WORK TO COMPLETE — For this task, output exactly the lines of the material below starting at the line with "Karl Johans gate" and ending at the line with "清爽的露额盘发造型,发丝梳理"; pictures are to be excluded.

RECORDS PROVIDED —
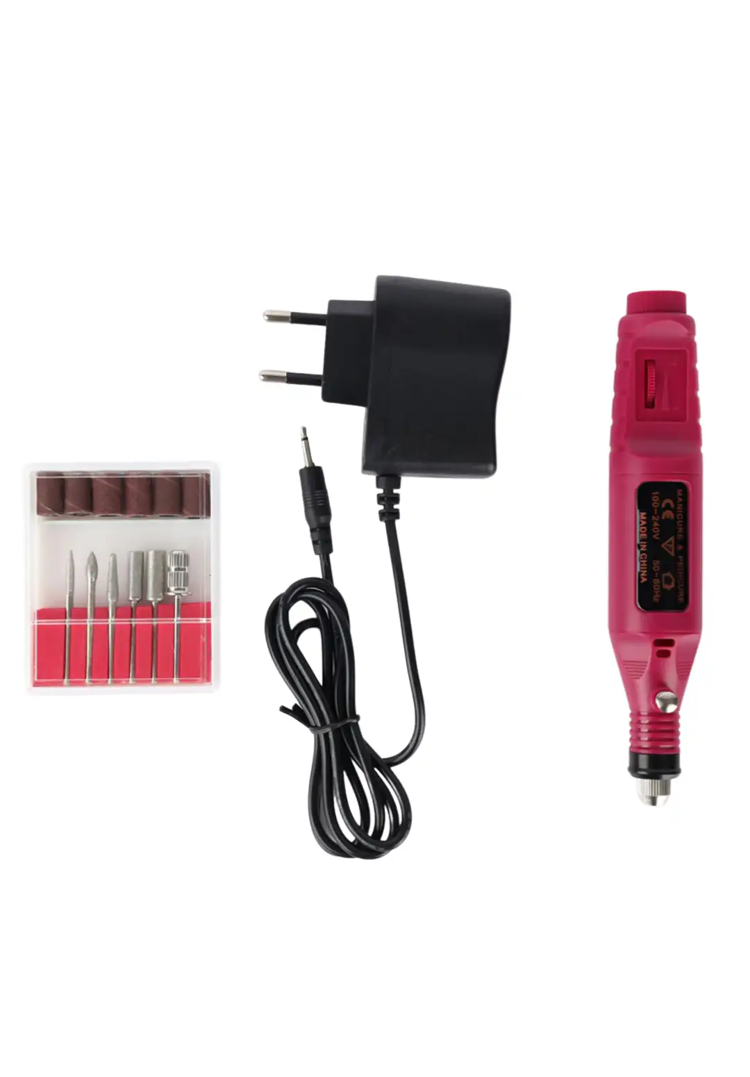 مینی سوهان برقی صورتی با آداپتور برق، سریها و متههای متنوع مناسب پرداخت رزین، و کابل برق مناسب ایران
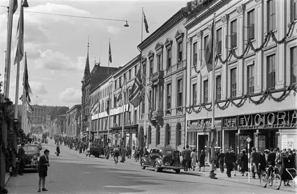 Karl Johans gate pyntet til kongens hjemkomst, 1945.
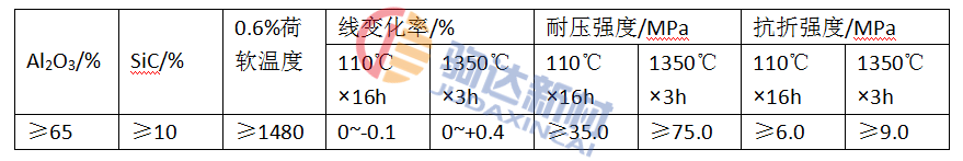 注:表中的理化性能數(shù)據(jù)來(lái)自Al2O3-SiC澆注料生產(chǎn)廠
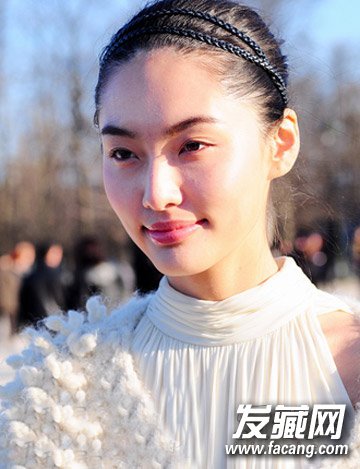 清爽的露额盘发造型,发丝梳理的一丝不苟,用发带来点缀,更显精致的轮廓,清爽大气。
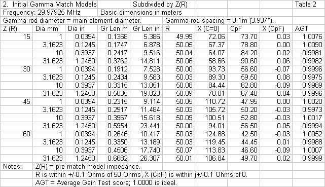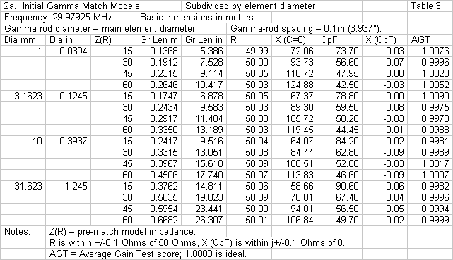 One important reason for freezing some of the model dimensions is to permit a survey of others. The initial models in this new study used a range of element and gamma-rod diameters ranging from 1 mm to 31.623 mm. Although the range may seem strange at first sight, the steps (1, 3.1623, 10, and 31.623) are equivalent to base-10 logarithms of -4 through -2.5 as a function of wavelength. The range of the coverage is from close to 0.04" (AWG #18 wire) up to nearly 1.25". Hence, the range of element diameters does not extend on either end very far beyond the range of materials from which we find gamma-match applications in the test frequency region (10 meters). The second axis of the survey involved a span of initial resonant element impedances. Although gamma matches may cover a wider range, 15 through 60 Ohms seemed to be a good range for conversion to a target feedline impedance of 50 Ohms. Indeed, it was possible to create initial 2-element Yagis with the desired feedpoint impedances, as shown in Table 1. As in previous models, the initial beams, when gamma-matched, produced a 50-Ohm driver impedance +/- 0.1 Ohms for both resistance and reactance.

SOLVED PROBLEM —
 Karl Johans gate pyntet til kongens hjemkomst, 1945.
 注:表中的理化性能數(shù)據(jù)來(lái)自Al2O3-SiC澆注料生產(chǎn)廠
 清爽的露额盘发造型,发丝梳理的一丝不苟,用发带来点缀,更显精致的轮廓,清爽大气。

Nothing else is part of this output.